Nesses tempos complicados tenho lido. Saramago. #leiamSaramago


Quando eu era jovem (já não sou mais jovem há tempos) minha mãe me dizia que uma hora o gás do ímpeto acaba. Dia desses confidenciei a um amigo (que também já não me parece ser amigo mais... é muita liquidez né Bauman?) que estava cansada de guerrear. Perguntei a ele: como faço para sair da batalha? A quem entrego minha rendição?


Então veio Saramago. Transcrevo abaixo o trecho do livro A Viagem do Elefante:


"As vacas têm história, tornou o comandante a perguntar, sorrindo, Esta, sim, foram doze dias e doze noites nuns montes da galiza, com frio, e chuva, e gelo, e lama, e pedras como navalhas, e mato como unhas, e breves intervalos de descanso, e mais combates e investidas, e uivos, e mugidos, a história de uma vaca que se perdeu nos campos com a sua cria de leite, e se viu rodeada de lobos durante doze dias e doze noites, e foi obrigada a defender-se e a defender o filho, numa longuíssima batalha, a agonia de viver no limiar da morte, um círculo de dentes, de goelas abertas, as arremetidas bruscas, as cornadas que não podiam falhar, de ter de lutar por si mesma e por um animalzinho que ainda não podia se valer, e também aqueles momentos em que o vitelo procurava as tetas da mãe, e sugava lentamente, enquanto os lobos se aproximavam, de espinhaço raso e orelhas aguçadas. Subhro respirou fundo e prosseguiu, Ao fim dos doze dias a vaca foi encontrada e salva, mais o vitelo, e foram levados em triunfo para a aldeia, porém o conto não vai acabar aqui, continuou por mais dois dias, ao fim dos quais, porque se tinha tornado brava, porque aprendera a defender-se ou sequer aproximar-se dela, a vaca foi morta, mataram-na, não os lobos que em doze dias vencera, mas os mesmos homens que a haviam salvo, talvez o próprio dono, incapaz de compreender que, tendo aprendido a lutar aquele antes conformado e pacífico animal não poderia parar nunca mais."

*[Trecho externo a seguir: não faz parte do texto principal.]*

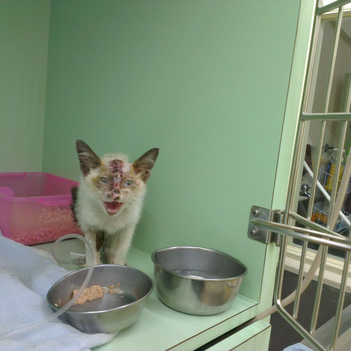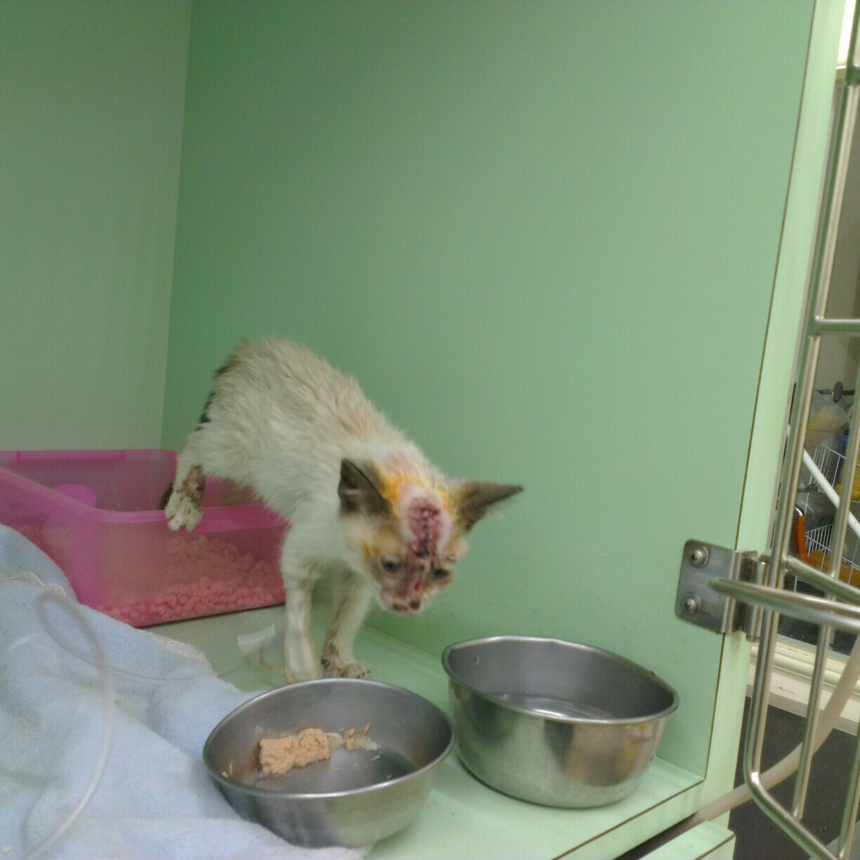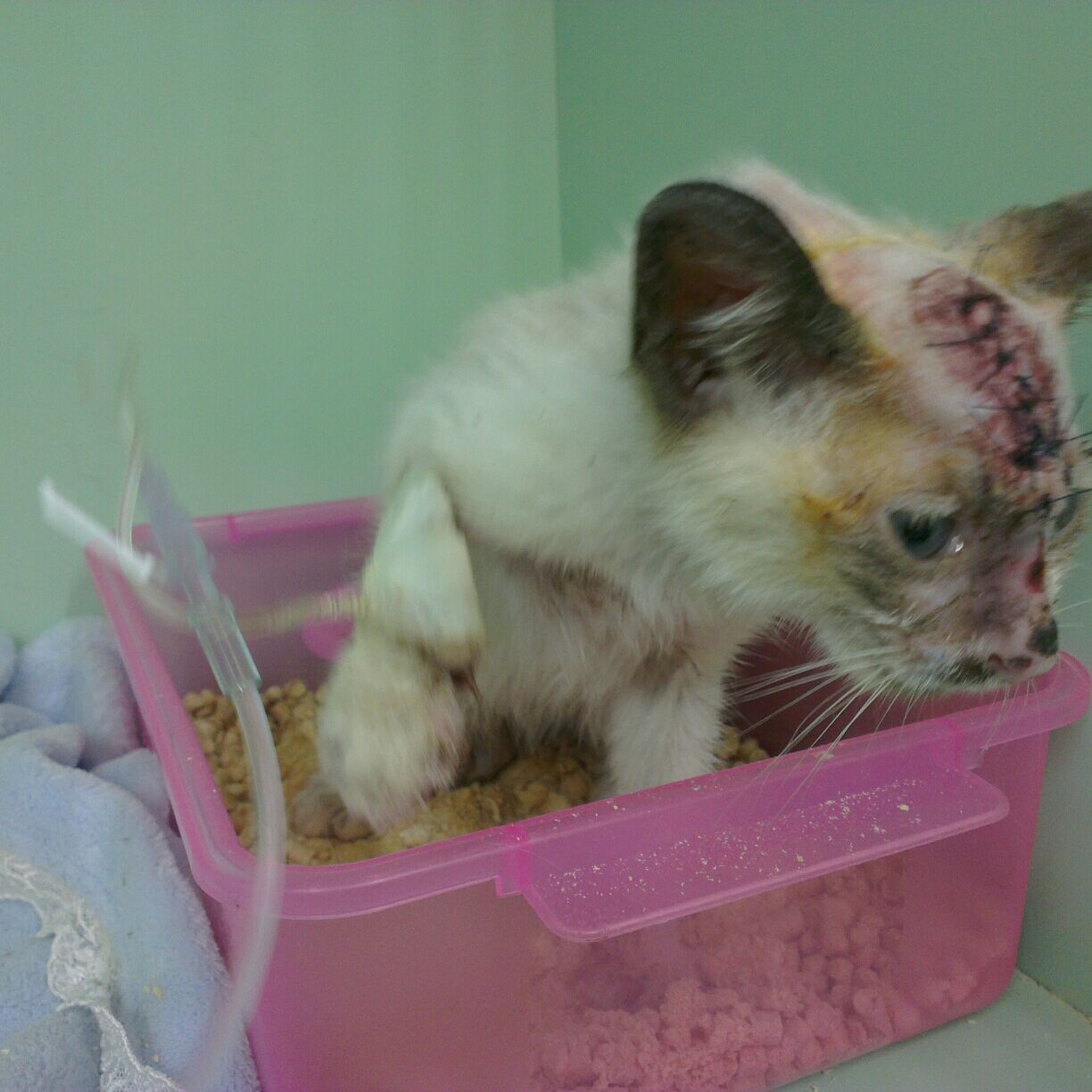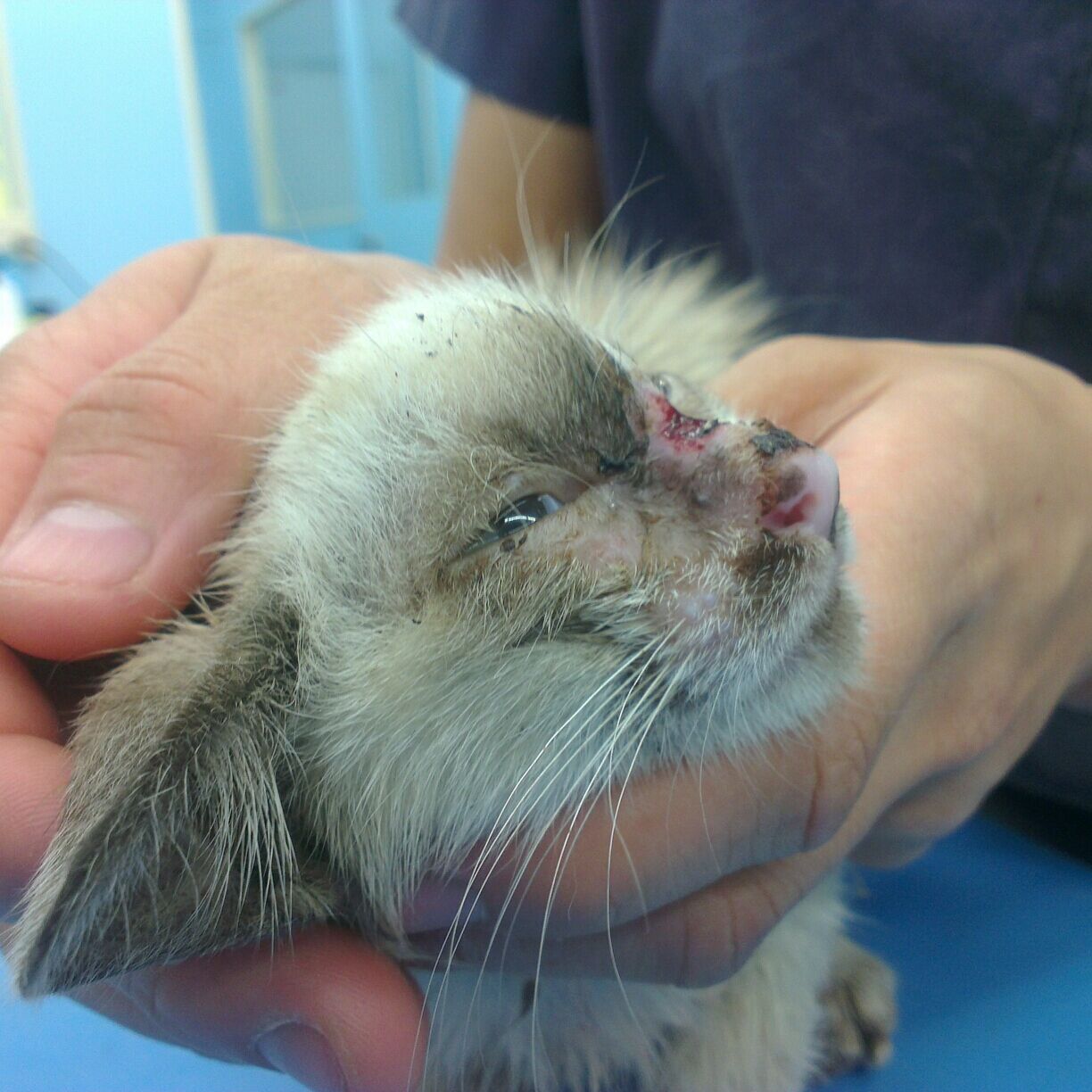 救援 四肢外傷潰爛 臉鼻腫脹鼻子有鈍傷腫脹的暹羅 已經先清創安置 左手手指有壞死 近期需要血檢與截去壞死的手指頭 後腳也有受傷

Quando li esse trecho do livro tomei um choque. Saramago falou comigo. Disse ao meu ouvido que quem vê ameaça em tudo acabará derrotado.


Mas eis que a literatura sempre aponta saídas. Não sei se acontece com vocês, mas meus livros conversam entre si. Algo como um Toy Story que se passa numa biblioteca e logo que fecho a porta eles criam vida e danam a tagarelar. Dessa vez Valter Hugo Mãe foi quem fez o contraponto: "Contar-se-ia para sempre que um homem fora condenado a meditar no fundo de um poço durante sete sóis e sete luas e que, apavorado com o escuro, se amigou do próprio medo. Sentindo-lhe carinho." Se Saramago desenhou o problema, esse trecho do livro Homens Imprudentemente Poéticos apontou uma saída.


Vamos seguindo em frente, amigando-nos dos nossos medos. No hoje. Porque Saramago também disse: "Cada segundo que passa é como uma porta que se abre para deixar entrar o que ainda não sucedeu (...) o futuro não é mais que o tempo de que o eterno presente se alimenta."Mas isso é outro livro e outra história.